Bottleneck optimisation only shows after 1-2 quarters. Quarterly check whether median time-per-stage improved. Watch mean tricks: a single hire with 200 days time-to-hire can improve mean if previously excluded - read median.

The definition you must agree on

Time-to-hire is constantly measured differently, making the number incomparable across tools + teams. Our definition: calendar days (not workdays) between the day the role went public and the day the contract was signed by both sides. A role never hired has no time-to-hire (it's 'open' or 'closed without hire').

Time-to-fill is the other common metric: days between role creation (internal, before publication) and contract. Time-to-fill is always longer than time-to-hire (approval + pre-publication lead time counts), and is measurement-trickier because 'role creation' is subjective.

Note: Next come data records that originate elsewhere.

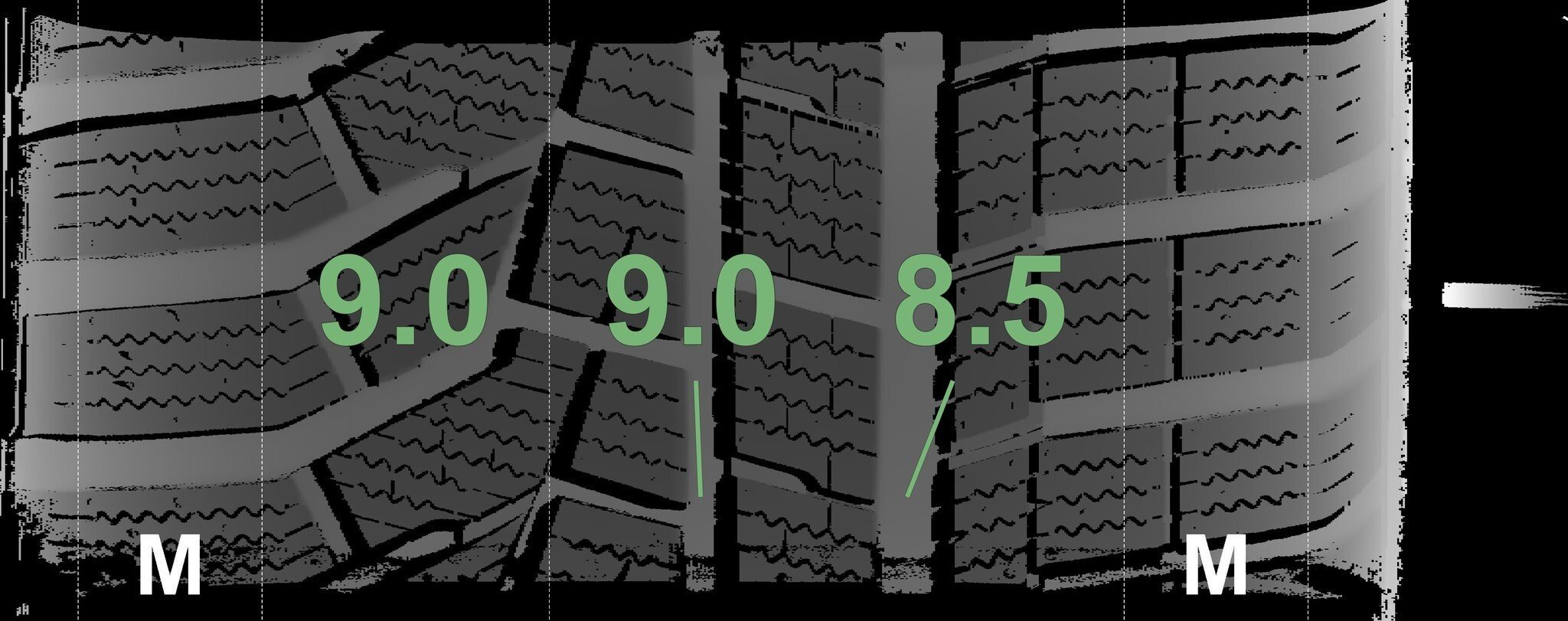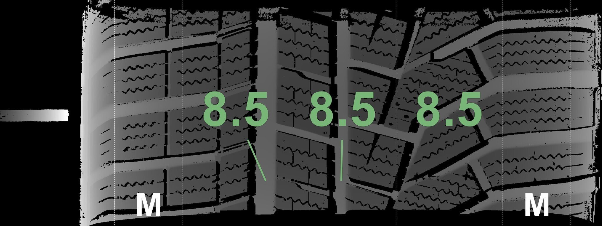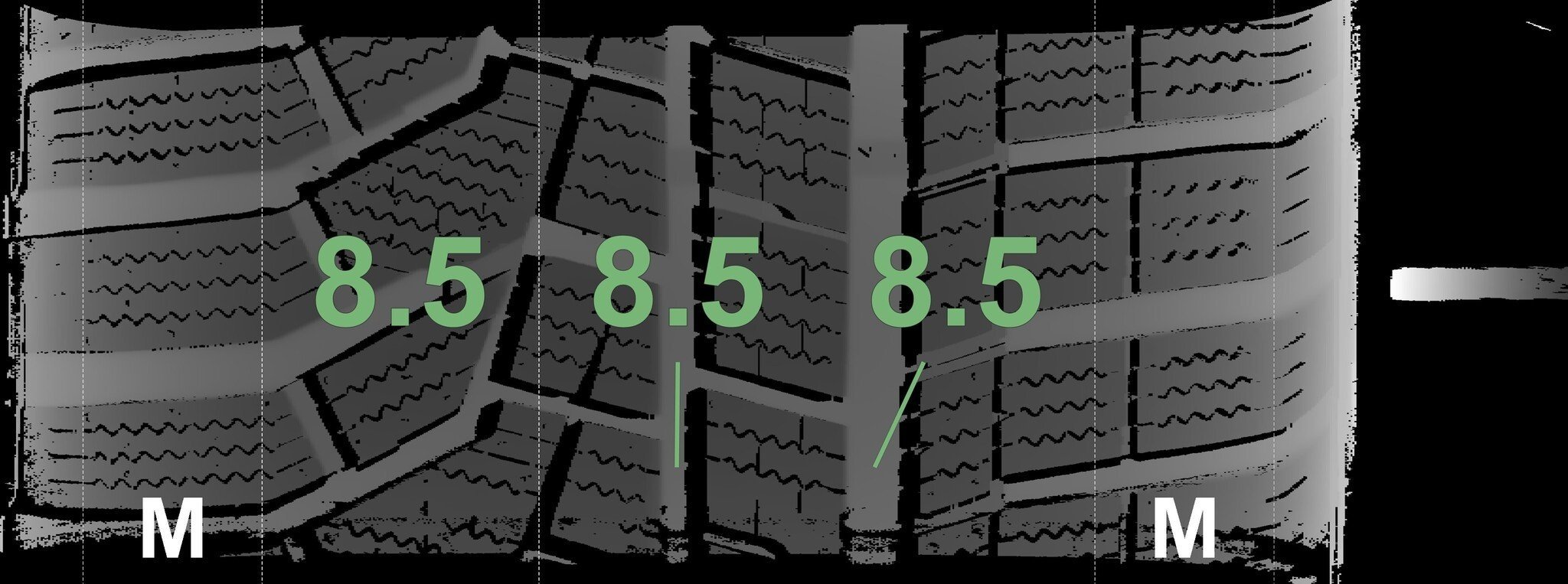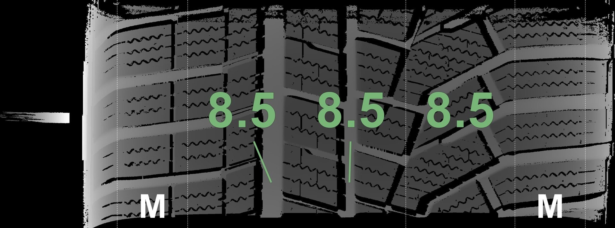| Zustand | Profiltiefe | DOT | Vorderachse Links | Neu | 8.5 mm | 4924 |
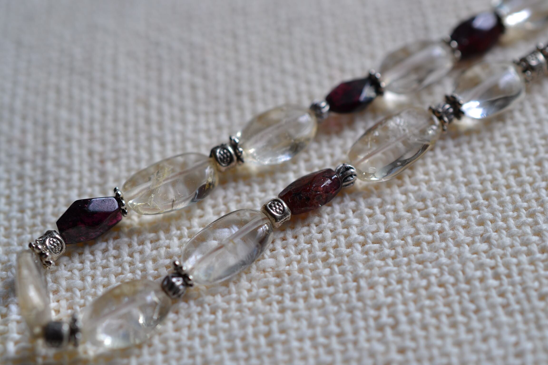 ガーネット&クリアクオーツ★ロングビーズビーズネックレスbn026
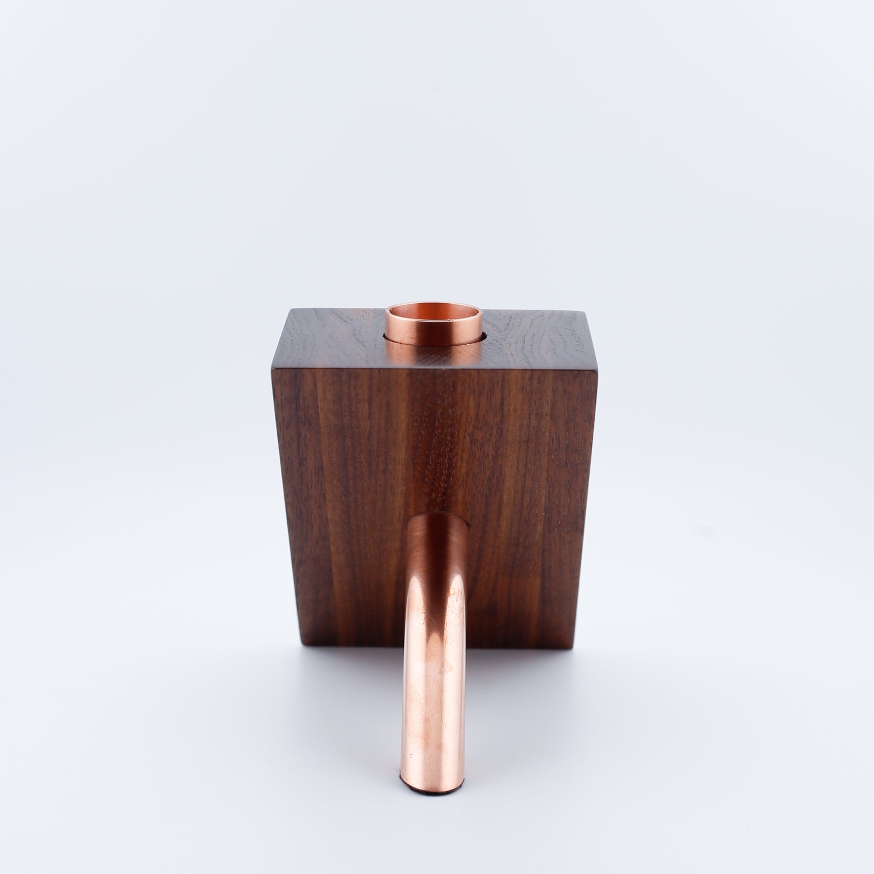 This candle holder is made with Walnut and copper. Fits a single candle.
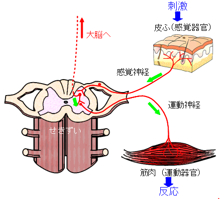 ・信号はせきずいを通って大脳へも伝わりますが、 熱いと感じるよりも先に反応が起きます。
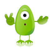 Cute zielony potwór z trzema zielonymi rogami i dwóch nogach wektor kolor rysunek lub ilustracji
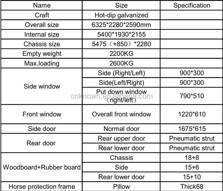 KNOWN horse trailer is a special transport vehicle for equestrian events. It is equipped with ventilation and ventilation device, skidproof floor, harness box and protective soft bag, and can be installed with air conditioning, water tank, sunshade canopy and wireless video monitoring system according to customer needs, so as to provide a safe and comfortable transportation environment for horses.
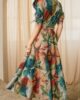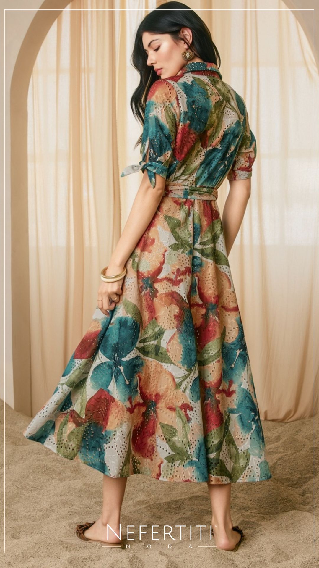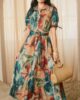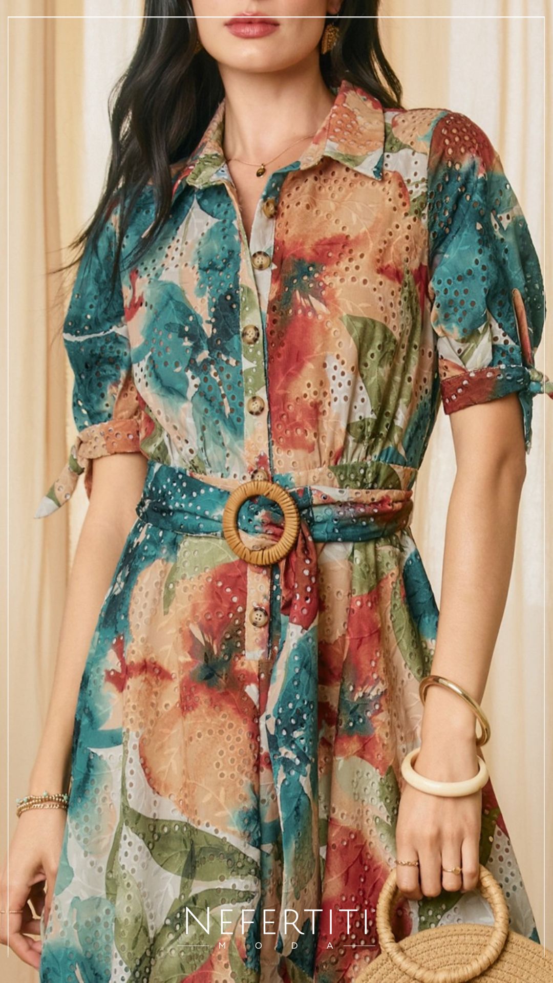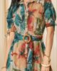 Vestido manga corta botones hojas Azul Verde Beige D7233
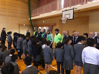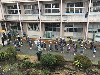 【中庭;5年生と職員でお見送り】
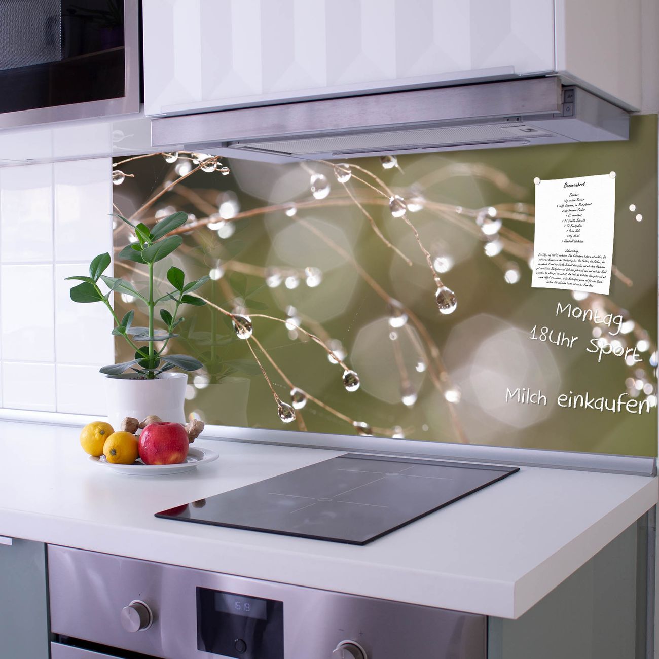 Die banjado Glas Küchenrückwand in verschiedenen Größen mit Motiv Tau Auf Zweigen schützt Ihre Küchenfliesen vor Fettspritzern oder Wasserflecken. Der Spritzschutz ist gleichzeitig magnetisch und hält Ihre Rezepte oder Einkaufslisten. 4 Neodym-Magnete und 1 Kreidestift liegen bereits bei. Leuchtende Motive und hochwertiges Material machen den Spritzschutz zum Designobjekt. Das dekorative Glasbild gibt Ihrer Küche ein individuelles Erscheinungsbild. Abgerundete Kanten und Sicherheitsglas sorgen für einen sicheren Einsatz.
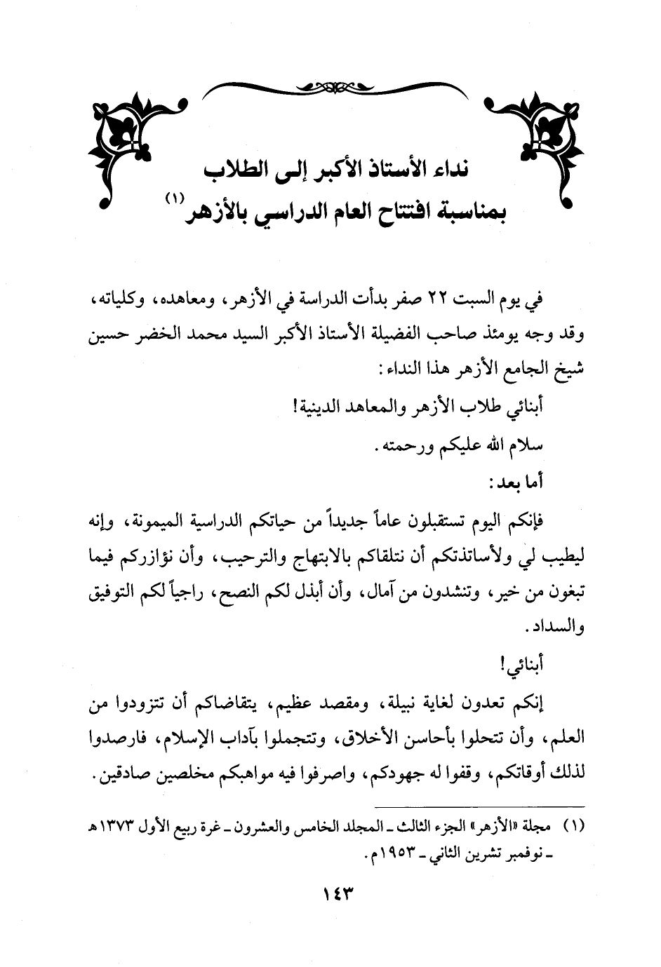 نداء الأستاذ الأكبر إلى الطلاب بمناسبة افتتاح العام الدراسي بالأزهر (¬1)
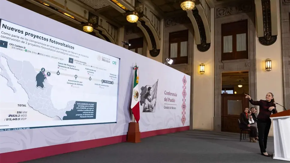 Durante la conferencia "La Mañanera del Pueblo", la presidenta detalló que el Gobierno de México garantizará que 54 % de la energía eléctrica sea generada por el Estado y 46 % por inversión privada, bajo un esquema que devuelve planeación y orden al sector eléctrico nacional.
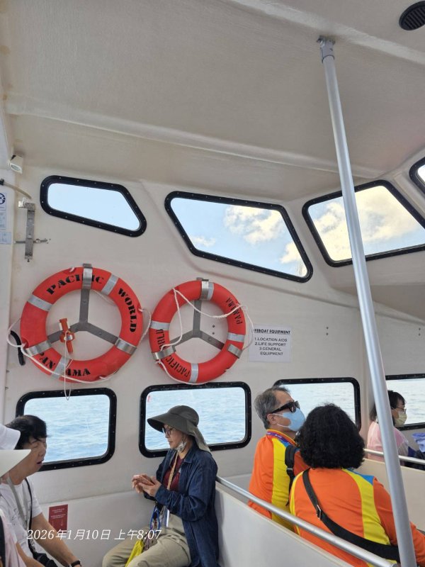 你看到的橘色船是「救生艇」,不是觀光接駁艇。你照片中被吊下海的橘色船隻,外型封閉、顏色鮮橘、上方有艙蓋與編號,這是標準的:
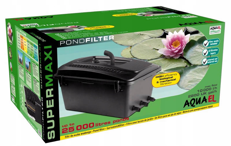 Це повний комплект фільтрації, що містить повністю сумісні компоненти. Фільтр оснащений рядом фільтруючих матеріалів, які очищають воду механічно, біологічно та хімічно. У набір також входить ультрафіолетовий стерилізатор, який руйнує ДНК клітин водоростей і бореться зі шкідливими бактеріями, вірусами та грибками, таким чином залишаючи корисні нітрифікуючі бактерії у фільтрі недоторканими. Це значно сприяє покращенню якості води. , а також для підтримки здорового середовища для риб і рослин у ставку.
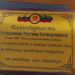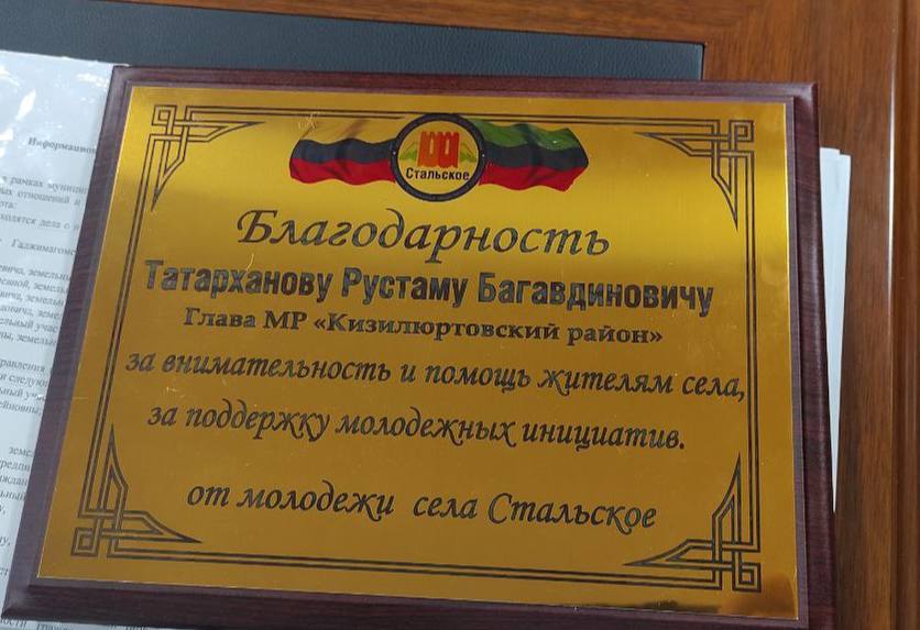 Сегодня, 3 апреля, в администрации района глава сельского поселения Стальское Саит Абдумажидов вручил Благодарность главе Кизилюртовского района Рустаму Татарханову за внимание, помощь жителям села и поддержку молодежных инициатив.
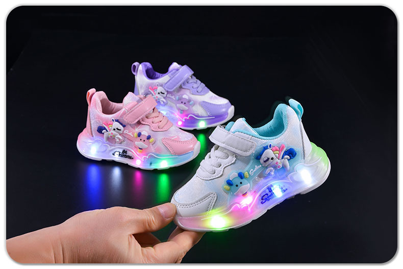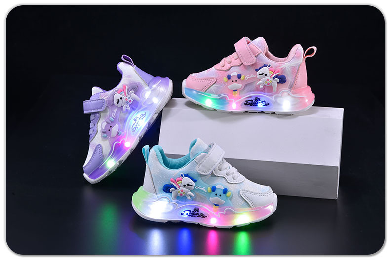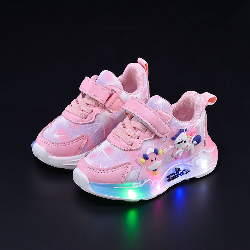 소녀 2025 새로운 만화 새로운 캐주얼 부드러운 밑창 어린이 운동화 벨크로 LED 신발스토어 가기
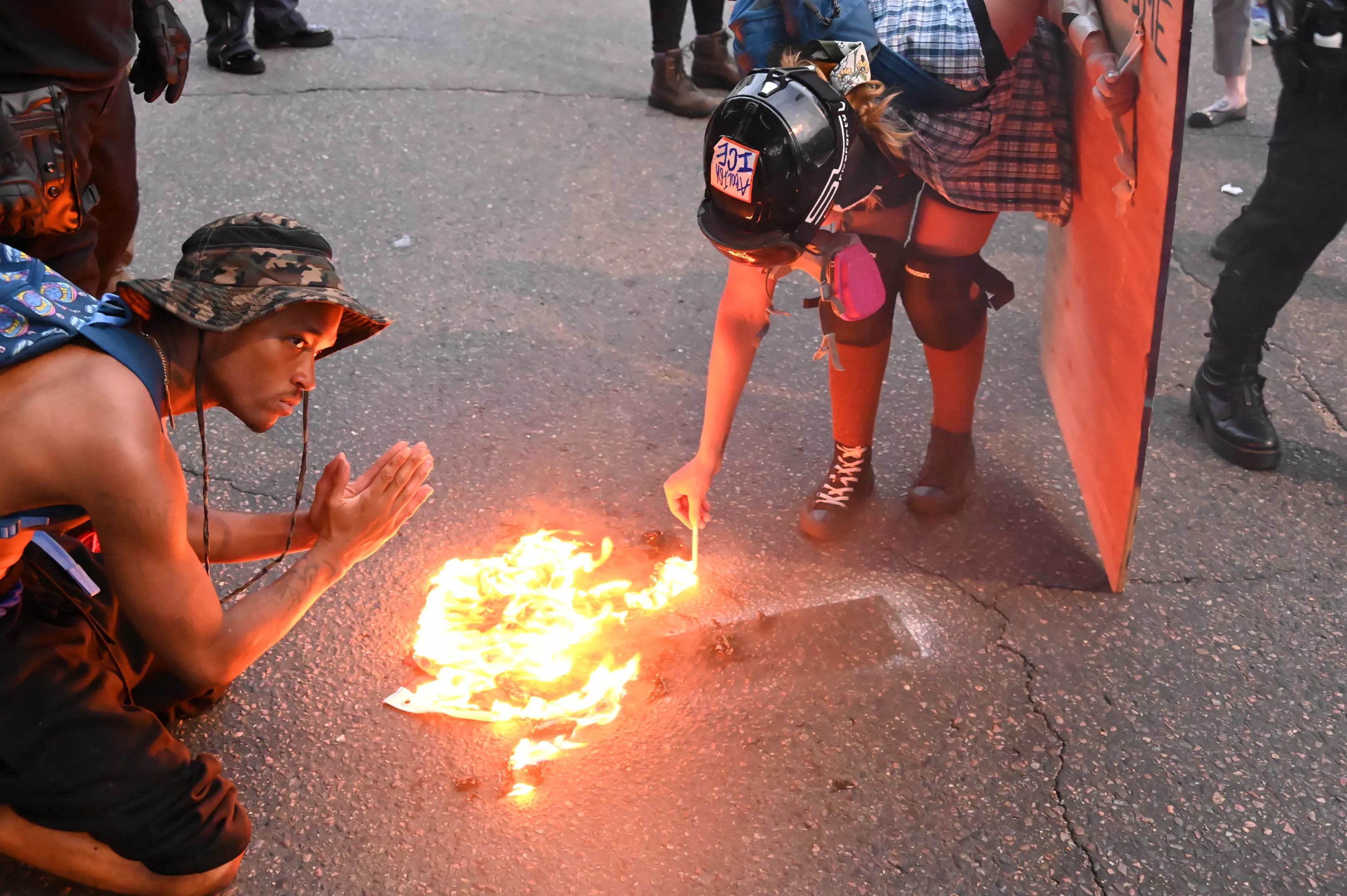 At the Good Trouble Lives On protest, about fifty people began marching down Lincoln Street at 7:30 p.m., circling back on Broadway and never going south of 11th Avenue. When they returned to the Capitol, they burned an American flag on Lincoln. After that, they and other protesters who’d hung around Lincoln Veterans Memorial Park called it a night.

Three bottleneck patterns in 80% of teams

One - 'review backlog': 7+ days pass between application receipt and first review. Cause: HR overloaded, applications read in batches. Fix: KI pre-sort with score orders the queue so top 20% are visible in the first 30 minutes. Effect: -3 to -5 days time-to-hire per role (see also: recruiting KPIs that actually count).

Two - 'hiring-manager bottleneck': 5+ days between 'HR says: invite' and actual invite. Cause: hiring manager hasn't responded. Fix: explicit SLA with hiring manager (e.g. '48h response on recommendation'), auto-reminder after 48h. Effect: -2 to -4 days.

Three - 'offer bottleneck': 4+ days between 'we'll offer' and 'offer sent'. Cause: salary/contract discussion, approval loop. Fix: pre-approved salary bands per role, contract templates, direct send. Effect: -2 to -3 days.

2026 benchmark: what's normal in the DACH market

The most-cited market figure comes from the Xing Bewerbungsreport 2025 (analysis of ~2.5M applications in the DACH region): average time-to-hire sits around 70 days, with ~19 applications and 4 interviews per hire. By industry it scatters widely: healthcare ~58 days, manufacturing/machining ~85 days, teaching/research ~85 days, IT/software development ~87 days. Treat these as rough orientation, not a target - your role profile dominates the span more than your industry.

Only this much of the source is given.